Vaidya et al. (2012)は、自己複製リボザイムに自発集合するRNAの破片の集合体が、自発的に協働的触媒サイクルを発達させることを示した。約200残基からできているAzoacus I族イントロンリボザイムは複数に分割しても、そのRNA断片は、自発的に再集合し、自己触媒的な再結合反応を触媒する。リボザイムの5'末端に三残基からなる認識部位を置くことにより自己集合が起きる。このような性質を使い、認識部位をうまく選ぶことにより、ある反応の生成物が次の反応の触媒になるような三要素反応ネットワークを構成した(図)。彼らは、このような反応ネットワークが特に協働的に急速に成長することを見出した。協働ネットワークは利己的な自己触媒反応に打ち勝って、より速く成長する。つまり、RNA分子の集合体は協働を通じてより複雑な反応系に進化しえることが分かった。

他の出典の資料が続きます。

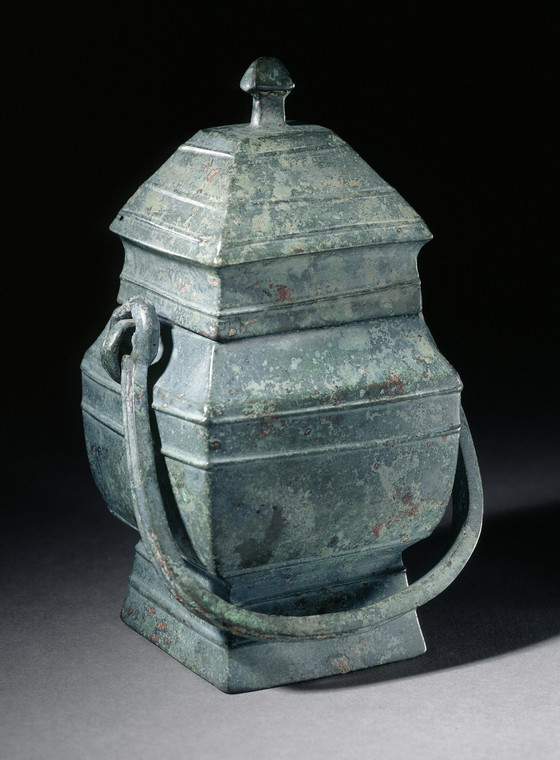 Lidded Square Ritual Wine Bucket (Fangyou) with Horizontal Ribs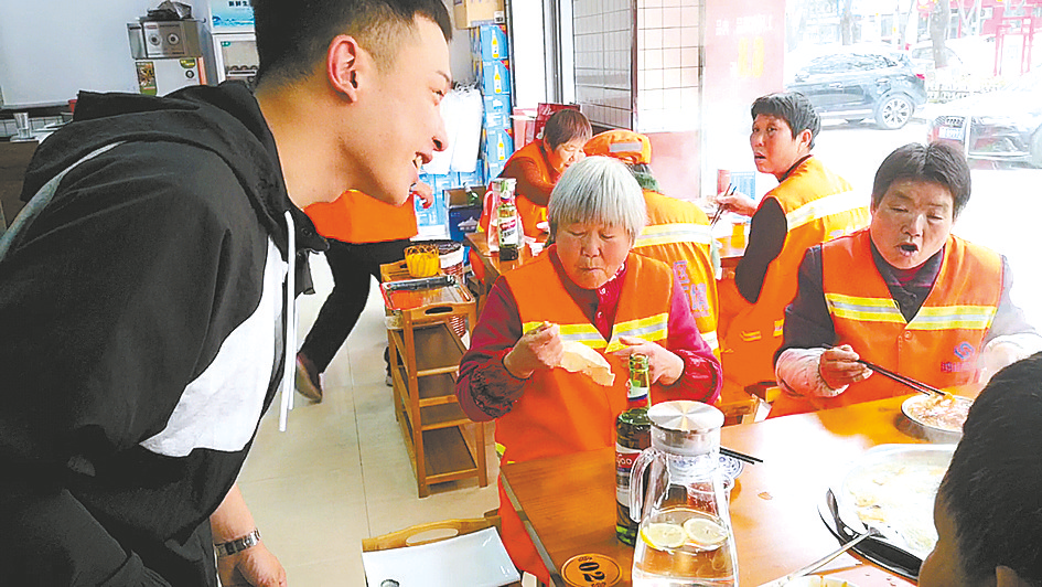 “有一天晚上下雨,我看到环卫工人还在弯着腰打扫街道,非常心疼。”老板牛鑫说起这次献爱心的初衷:“职业不分高低贵贱,环卫工人为我们的城市付出了很多,我请他们吃饭,就是为了让他们感受到社会对他们的尊重。刚好,我4天前结婚了,这个时候做一场公益活动,很有意义。”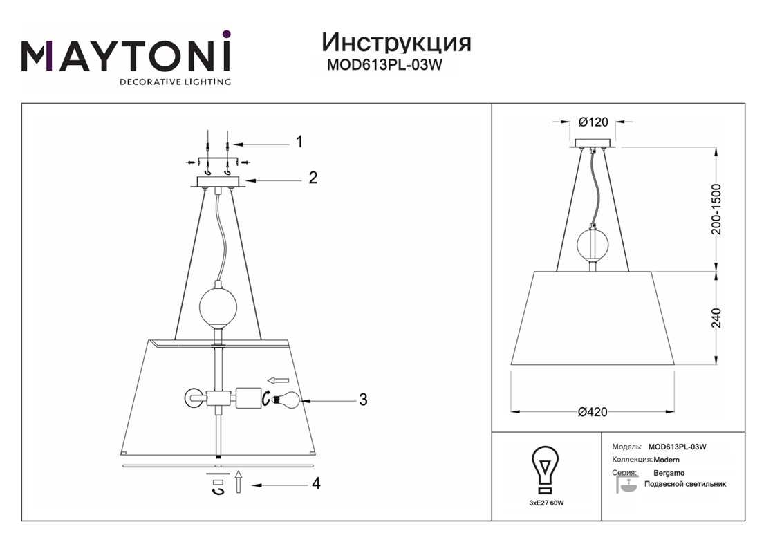 Подвесной светильник Maytoni Bergamo MOD613PL-03W — это модель, которая максимально функциональна. Благодаря трем источникам света с типом цоколя E27 и мощностью 60 Вт каждый, этот осветительный прибор имеет общую мощность 180 Вт и обеспечивает комфортное и равномерное освещение на площади в 10 квадратных метров, создавая уютную атмосферу в вашем доме.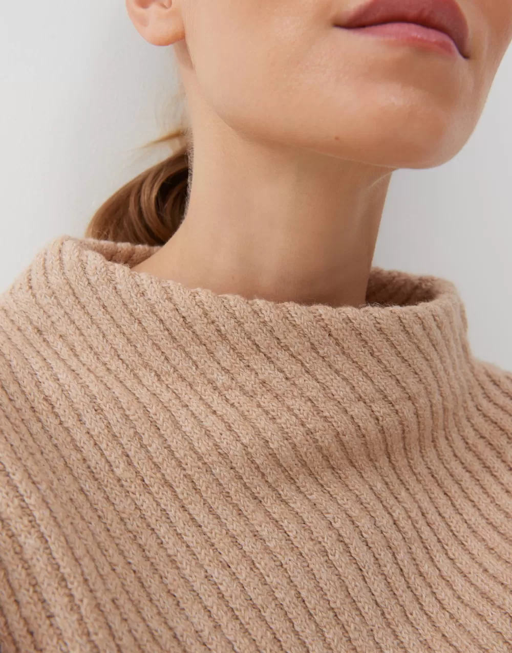 Deze Gebreide Trui Is Gemaakt Van Zachte Bci-Katoenmix En Gebruikt Een Diagonale Ribboord Om Een Mooie Dynamiek Te Creeren. De Casual Pasvorm Heeft Overlappende Schouders. Een Kleine Opstaande Kraag Rondt De Trui Vakkundig Af.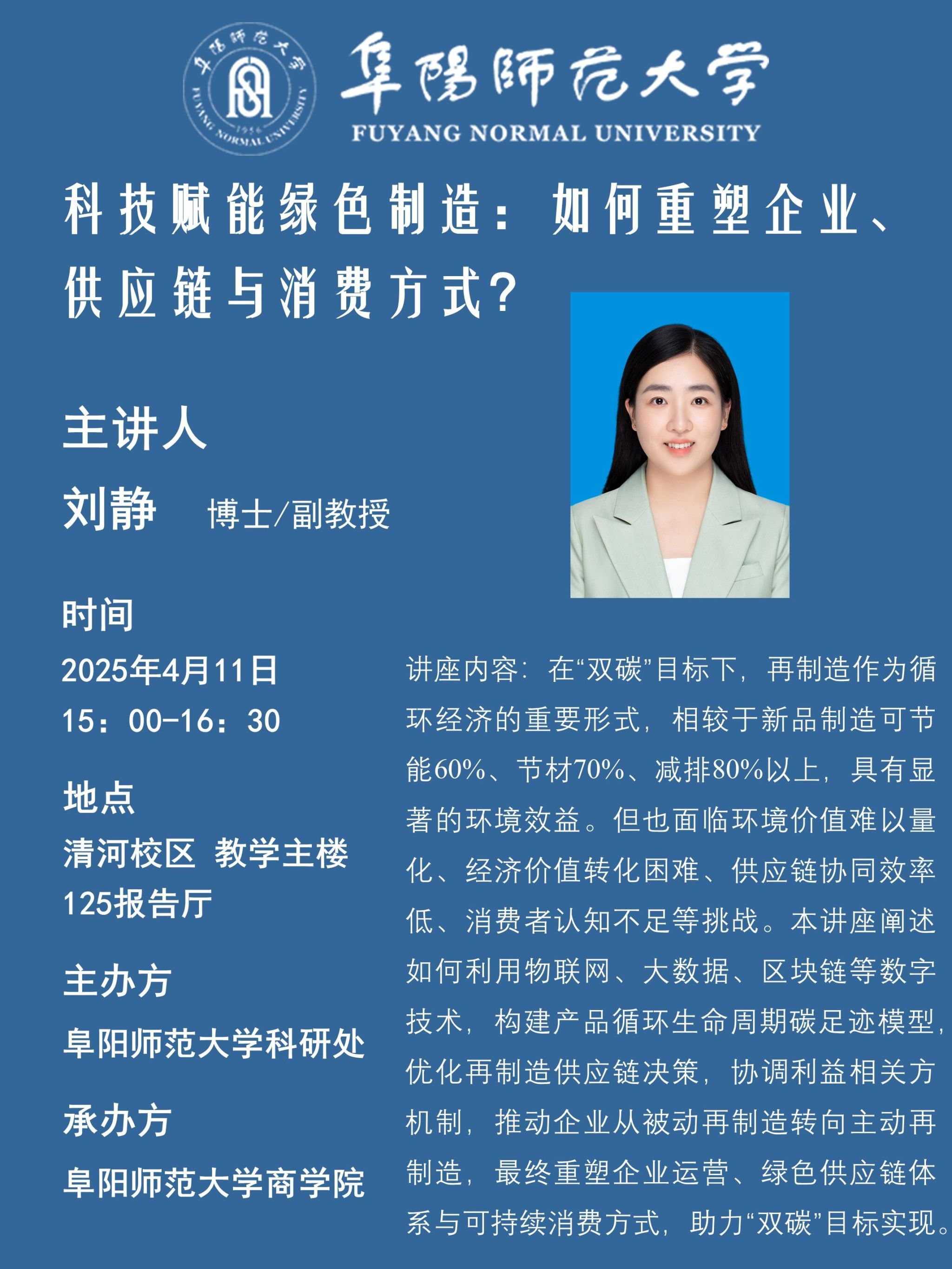 西湖讲坛通告——科技赋能绿色制造:如何重塑企业、供应链与消费方式?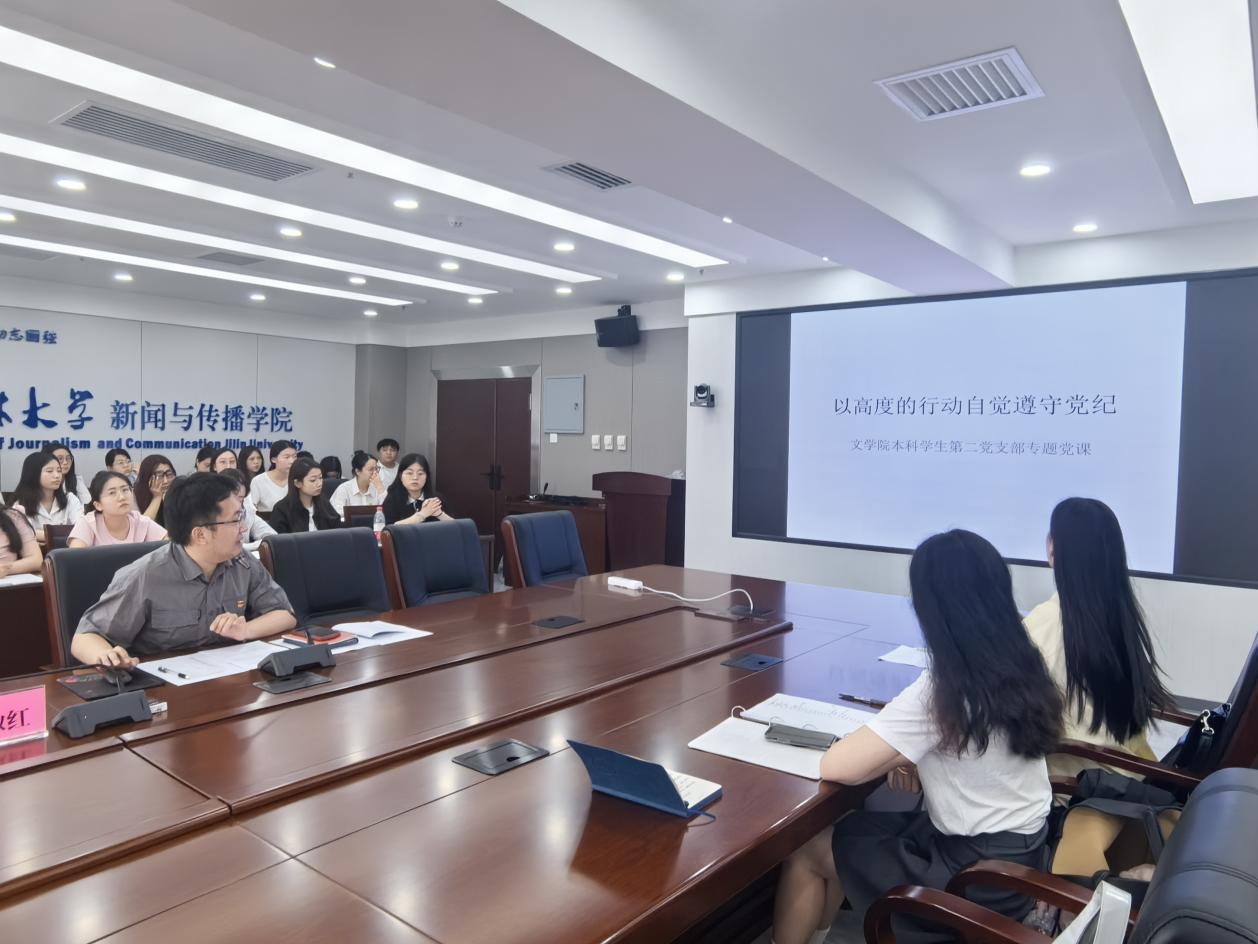 为加强对《中国共产党纪律处分条例》的学习,2024年6月13日,开云电子(中国)官方网站_开云电子(中国)官方网站本科学生第二党支部开展党纪学习教育专题党课,学生党委学生工作部分管开云电子(中国)官方网站_开云电子(中国)官方网站暨新闻与传播学院党建工作的组织员张淑红老师参会指导,党课由党支部书记曲昭琦讲授,全体支部党员参加。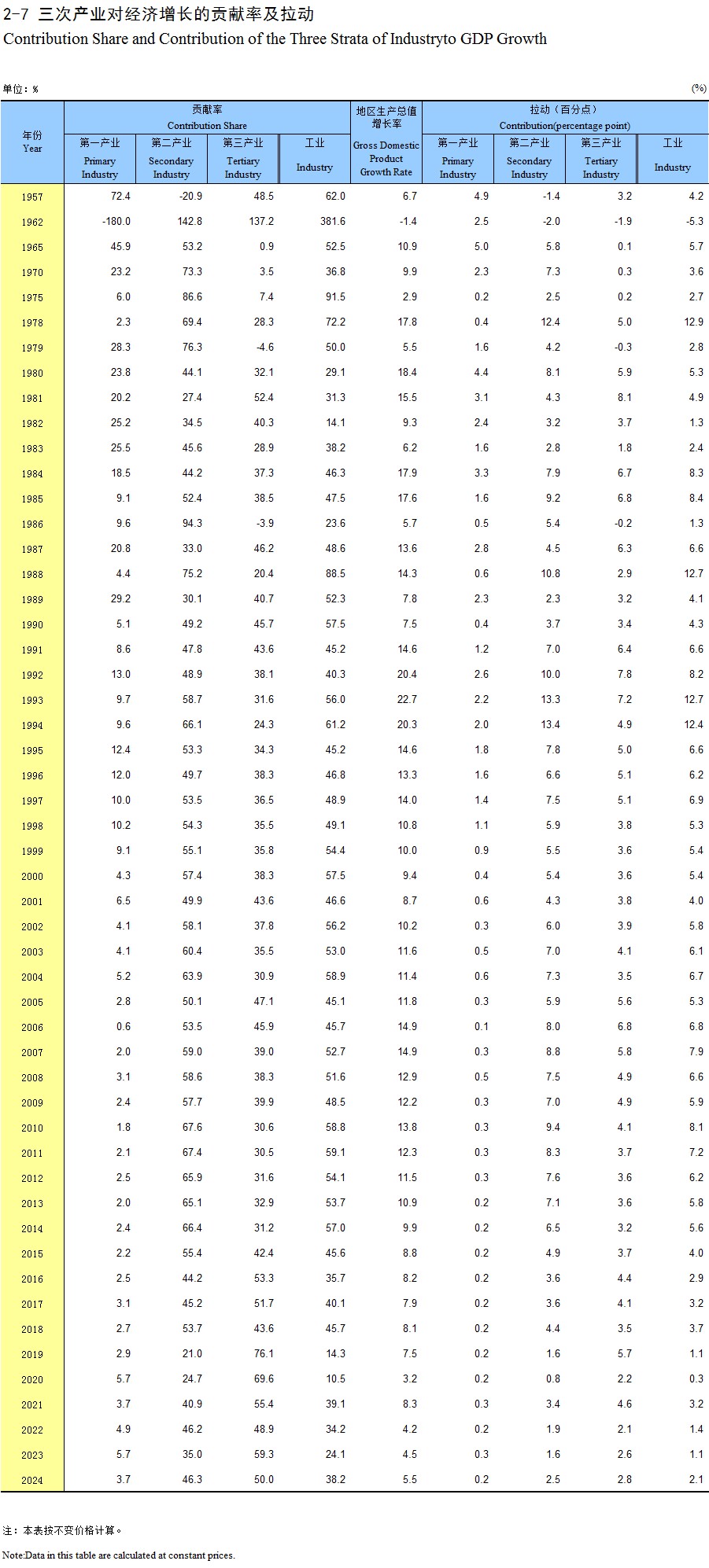 2-7 三次产业对经济增长的贡献率及拉动

さらに、上記の系に変異を人工的に導入した系での振る舞いを調べ、協働ネットワークが試験管内環境での自然選択により進化することを見出した。これらの実験は、萌芽的な生命の分子進化段階における協働的振る舞いの有利性を示している。RNAワールドの実態はこのようなものだったかもしれない。

1) Vaidya, N. et al. 2012, Spontaneous network formation among cooperative RNA replicators, Nature, , 491, 72-76.